As Shadows Fade (The Gardella Vampire Hunters 5)
Page 21
Suddenly, she seemed to come back to herself. “I am tired, Victoria, and you must have your injuries seen to. All of you. And some rest. I am safe here… and it will keep until we’ve all had a chance to rest. ”
Victoria pulled slowly to her feet, her hand squeezing, then finally releasing Wayren’s. “I’m glad you’ll stay here tonight,” she told the older woman. “We’ll all rest easier. ”
The draft that Kritanu had given him leeched away some of the agony radiating through Max’s body, though it pained him to admit it was needed. But it was.
His muscles trembling, his salved wounds still oozing stubbornly, he changed out of his dirty clothes, all the while grimly considering Wayren’s request.
Become a Venator again.
He’d not need the bloody draft if he did. He’d not need to step aside and let a faster, stronger Vioget save a comrade. He’d have no reason to leave.
Yet he couldn’t bear to stay.
Even if he got his Venator capabilities back, he couldn’t. He couldn’t trust himself to be strong enough, to do the right thing.
To share her.
Pouring the still-hot water into the basin, Max felt a wave of steam rise. He splashed it on his face and chest, gasping at the sudden twinge of pain when he moved his arms too vigorously in his ablutions, and pausing to catch his breath.
His face was buried in one of Kritanu’s lemon-scented towels when there came a knock at the door. He flung the door open, startling the twitchy red-haired servant, Oliver. The groom who’d taken his mount earlier tonight had obviously been pressed into other service within the small household.
“Beg your pardon, sir, but my lady wishes you to attend on her,” Oliver said most correctly.
Max glowered at him. “My lady?” Wayren or Victoria?
Oliver looked confused for a moment, then recovered, offering, “Lady Rockley. ” Apparently, he didn’t consider Wayren a lady, which wasn’t surprising. Only the Venators-and the evil ones-knew what she was capable of.
Max wadded up the towel and tossed it onto the table. One end flipped over the side of the basin, landing a corner in the water. Blast it. Could she not leave him be? He pulled out his last clean shirt and tugged it over his damp skin, where it seemed to stick everywhere. Just as his head emerged from the opening, he heard the man add, “She awaits you in her chamber. ”
Max stilled, his hands crushing into the soft linen. “Her chamber?”
Christ.
Then he centered on the whirl of thoughts-and, damnation, the images –that bit of information invoked, and extracted the most palatable one. Victoria’s face had been dead white and her clothes soaked with blood. Was she injured more severely than he’d thought? She’d never released Wayren’s hand during their short meeting in the parlor.
Max opened his mouth to ask Oliver, but the young man had scuttled off, leaving the door ajar.
There was nothing for it but to “attend to her. ”

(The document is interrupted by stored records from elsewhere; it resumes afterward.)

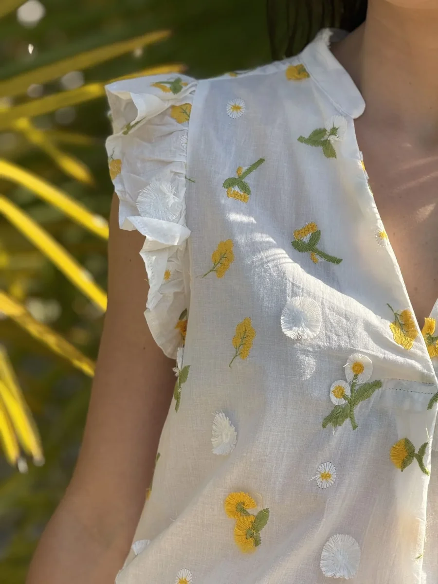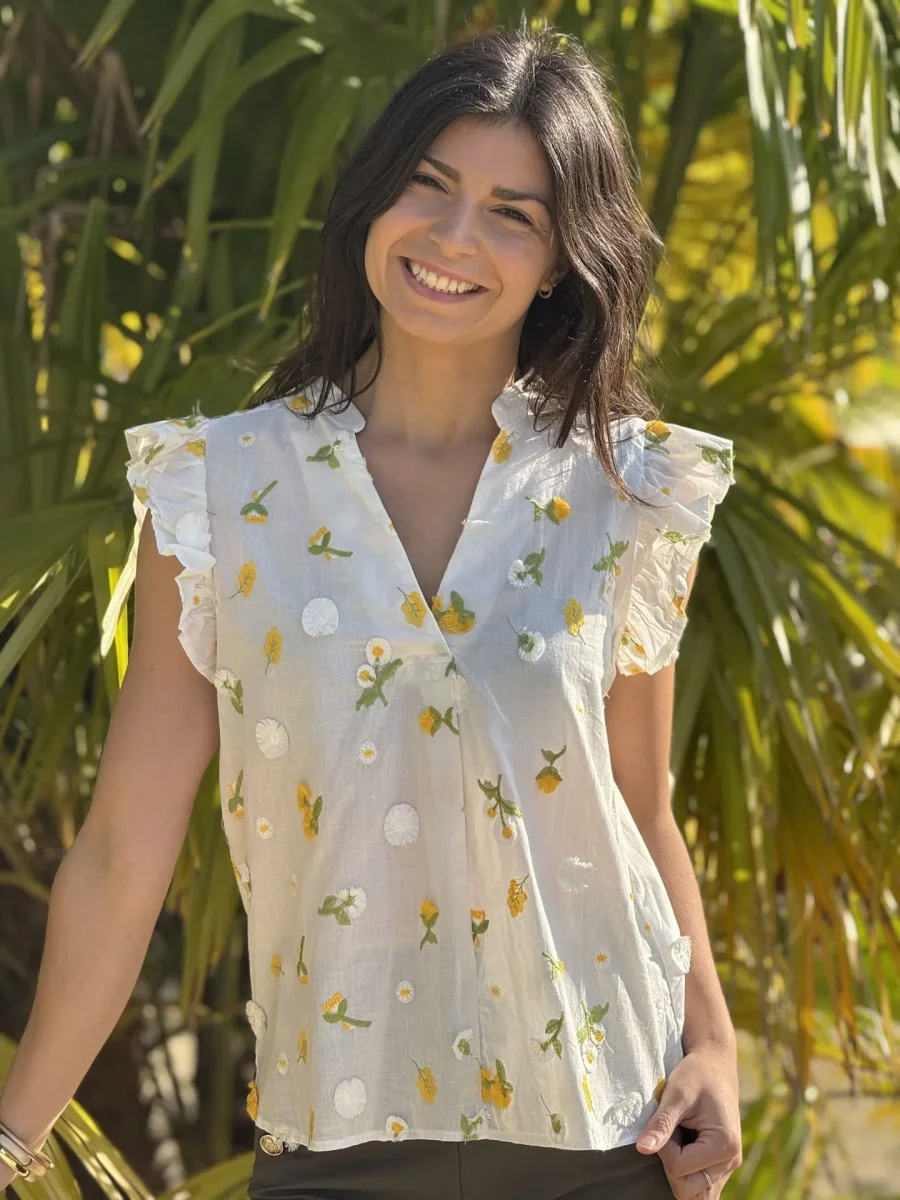 - Top à mc froufrou col v mao + imprimé petites fleurs jaunes
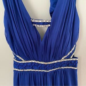 Nights by Teeze Me Junior’s Blue Sparkly Deep V Open Back Neck Mini Dress size 3
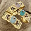 Manchette en plaqué or avec sa grande pierre centrale gravée en forme de main protectrice avec son oeil en grenat indien serti dessus, elle est entièrement gravée de petites porte-bonheurs , des étoiles et des coeurs tout autour mais aussi avec ses 3 pierres en grenat serties à chaque extrémités .
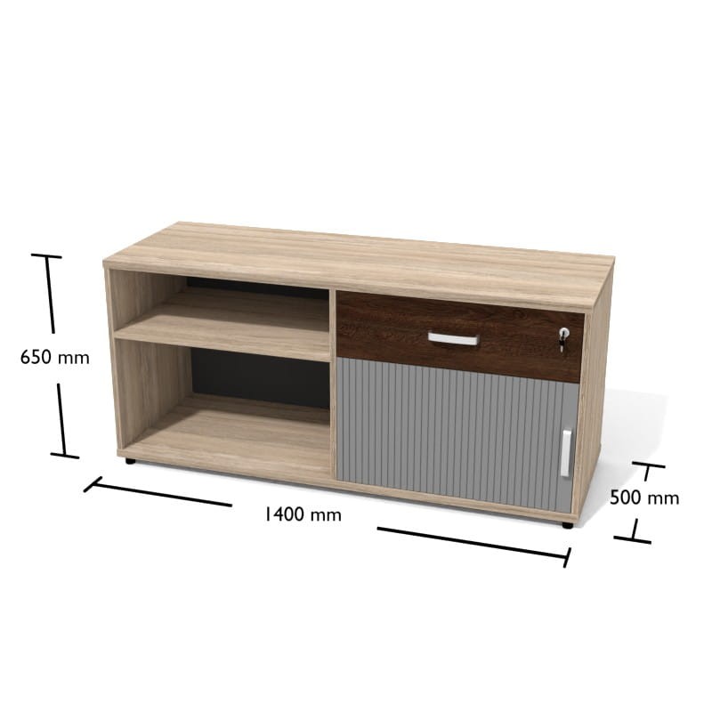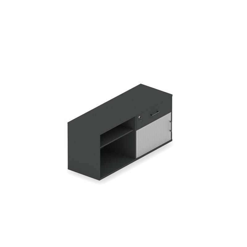 - Pomocnik wyposażony jest w standardzie w szuflady, pojedyncze drzwi żaluzjowe, półkę i pojedynczą przestrzeń segregatorową,
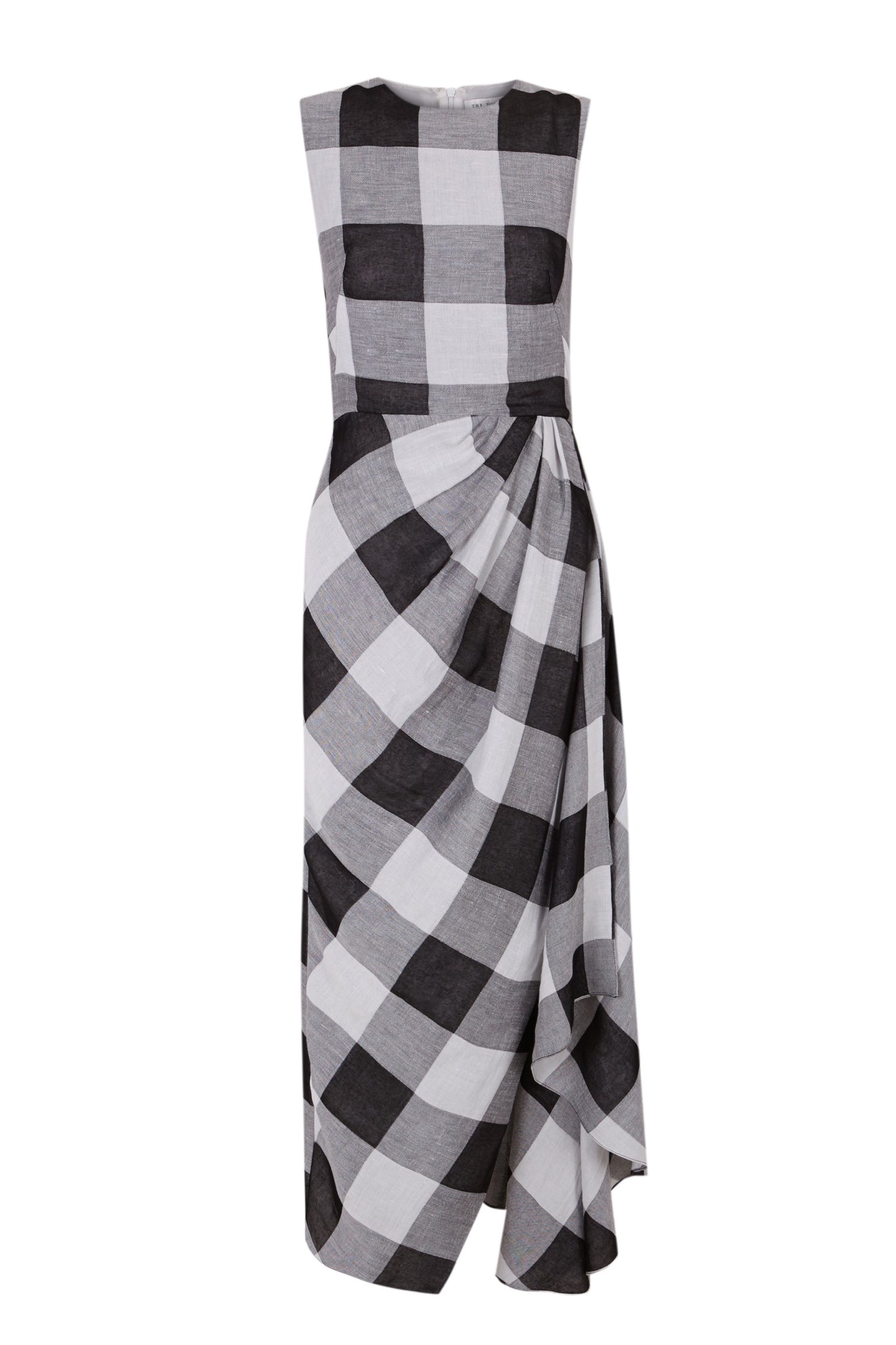 Vestido largo sin mangas con estampado Gingham. Escote redondo, corte en la cintura y pliegue lateral en la falda. También disponible en estampado Vichy.

His mouth closed grimly, his jaw tight, he set off, certain that whatever he found, it wouldn’t be to his liking.
When he reached Victoria’s chamber, his peremptory knock produced no response. Max waited for a moment, then knocked again, a bit harder, and the door edged open. Hell. Was he supposed to go in?
Blast it.
He’d not hesitated entering her chamber a few months ago when he first came back to London. He’d been uninvited then.

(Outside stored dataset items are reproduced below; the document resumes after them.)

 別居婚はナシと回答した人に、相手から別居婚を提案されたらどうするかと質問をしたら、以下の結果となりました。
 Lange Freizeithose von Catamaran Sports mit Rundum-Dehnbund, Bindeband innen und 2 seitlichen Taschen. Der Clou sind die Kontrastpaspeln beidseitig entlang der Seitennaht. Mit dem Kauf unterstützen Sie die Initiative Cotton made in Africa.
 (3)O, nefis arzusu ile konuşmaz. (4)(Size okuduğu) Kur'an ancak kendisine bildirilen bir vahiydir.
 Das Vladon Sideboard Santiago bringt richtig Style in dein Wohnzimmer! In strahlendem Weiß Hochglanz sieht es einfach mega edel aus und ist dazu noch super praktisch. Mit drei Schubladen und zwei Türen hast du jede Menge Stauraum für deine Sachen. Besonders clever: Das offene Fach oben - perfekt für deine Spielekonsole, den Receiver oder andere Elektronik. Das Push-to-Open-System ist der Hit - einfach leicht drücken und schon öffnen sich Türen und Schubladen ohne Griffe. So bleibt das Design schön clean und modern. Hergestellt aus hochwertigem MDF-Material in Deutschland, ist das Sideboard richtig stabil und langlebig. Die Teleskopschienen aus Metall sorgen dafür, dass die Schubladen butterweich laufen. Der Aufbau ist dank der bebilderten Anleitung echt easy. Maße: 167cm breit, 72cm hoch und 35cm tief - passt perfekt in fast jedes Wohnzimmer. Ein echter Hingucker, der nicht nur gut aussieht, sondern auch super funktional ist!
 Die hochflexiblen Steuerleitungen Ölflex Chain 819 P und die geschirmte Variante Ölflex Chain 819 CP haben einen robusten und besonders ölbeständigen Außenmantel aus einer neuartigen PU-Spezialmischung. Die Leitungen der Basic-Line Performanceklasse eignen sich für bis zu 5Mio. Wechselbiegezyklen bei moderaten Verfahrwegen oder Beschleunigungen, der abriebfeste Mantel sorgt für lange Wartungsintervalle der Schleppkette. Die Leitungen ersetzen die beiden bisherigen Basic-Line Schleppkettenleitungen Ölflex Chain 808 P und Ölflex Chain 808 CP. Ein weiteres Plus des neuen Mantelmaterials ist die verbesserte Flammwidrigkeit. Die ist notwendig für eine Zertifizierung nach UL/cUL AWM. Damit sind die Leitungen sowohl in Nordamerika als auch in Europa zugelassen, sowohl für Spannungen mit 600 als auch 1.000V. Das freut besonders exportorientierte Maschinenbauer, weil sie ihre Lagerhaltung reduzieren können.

And now it was morning. Filled with light, which meant exposure. And few shadows in which to hide.
Max pushed the door open, his attention going immediately to the bed. It was empty.
He stepped inside and closed the door, firmly, behind him, looking around the chamber. Early-morning sunlight filtered through the nearby tree branches, casting the small room in a soft warm glow. The bed lay pristine and made, high off the ground, with a bumpy white coverlet. The dressing table was situated near the entrance to what must be a small dressing room. The mirrored table held an array of ladylike items-and a few that were not so ladylike: perfume bottles, combs, brushes, jewelry, stakes, holy water vials…

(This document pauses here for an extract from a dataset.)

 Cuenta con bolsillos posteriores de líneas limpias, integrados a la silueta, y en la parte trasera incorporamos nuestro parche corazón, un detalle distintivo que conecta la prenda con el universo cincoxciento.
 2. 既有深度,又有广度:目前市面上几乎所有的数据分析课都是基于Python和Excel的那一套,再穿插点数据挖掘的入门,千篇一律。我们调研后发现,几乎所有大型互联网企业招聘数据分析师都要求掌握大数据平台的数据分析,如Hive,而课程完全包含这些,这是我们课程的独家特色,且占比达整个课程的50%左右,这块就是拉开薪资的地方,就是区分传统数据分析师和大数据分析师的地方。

He paused and looked more closely, seeking a slender blue-tinted bottle. No. It was gone. The potion that he knew Victoria drank in order to keep from getting with child. Aunt Eustacia, and now Kritanu, made it for her. But it was gone, and he knew that Victoria had made good on her promise to stop taking it.
Max did not want to consider the implications of that fact, and he turned abruptly to examine the rest of the room.
The fireplace held a neat stack of kindling ready to be lit should the weather turn chill or rainy. A chair in the corner near the floor-to-ceiling drapes would provide a good, distant seat from any other furnishings or activity in the room; it was the same chair in which he’d sat when he’d visited her chamber before. This morning, the windows had been flung open, and a soft breeze filtered through them.